Put the broken-up chocolate in a bowl over hot water, and add the coffee.
Leave until the chocolate has melted, and stir.
Put the rest of the ingredients, except the egg whites, in the food processor and process for 25 seconds, stopping and scraping down the sides with a spatula halfway through.
Add the chocolate mixture, and process for a couple of seconds more.
Whisk the egg whites until firm and snowy, and fold lightly into the cake mixture with a metal spoon, having first removed the bowl from the processor and taken out the blade.
Spoon the mixture into the prepared tin, smooth the surface, and bake in the middle of a pre-heated oven at 180 C, gas mark 4 for about 45 minutes, or until a skewer inserted into the middle emerges clean.
Allow the cake to cool in the tin for a few minutes then carefully ease out of the tin and turn it onto a wire rack.
When completely cool, split the cake in two.

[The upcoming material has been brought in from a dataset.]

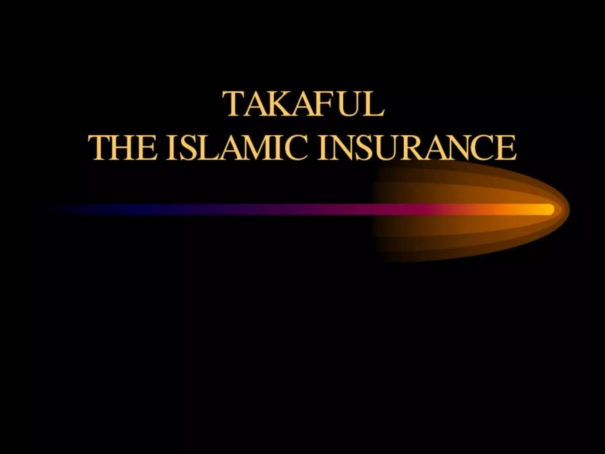 The document outlines a presentation on Takaful (Islamic insurance). It includes: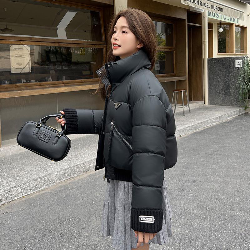 Осенне-зимняя короткая хлопковая куртка больших размеров, женская куртка с воротником-стойкой, модная куртка из хлопка с эффектом старения M чёрный

The underneath of the cake becomes the smooth flat top surface for you to decorate.
The original top surface may have cracked in the baking, or risen to a point, in which case, take off a thin slice to enable the cake to balance evenly.
Make the filling by heating the dulce de leche in a heat-proof bowl, then beating in the butter.
Allow to cool, then refrigerate the mixture to firm it up.
Spread on one half of the cake, and place the flat-topped half on it.
Meanwhile, make the topping by melting the chocolate in the double cream, which you then beat as it cools, to thicken it.
Spread on top of the cake and scatter over it a generous layer of crushed pistachios.
Cook’s notes:
For a less rich cake, without the chocolate topping, glaze it with a little clear honey before scattering with pistachios, with or without fine flakes of chocolate, using a grater and chilled chocolate bar.
As an alternative to the dulce de leche and butter filling, there are many caramel preparations on the market.
I used dulce de leche simply because it had been languishing in my cupboard for months.
And I feel that any caramel needs butter, preferably unsalted.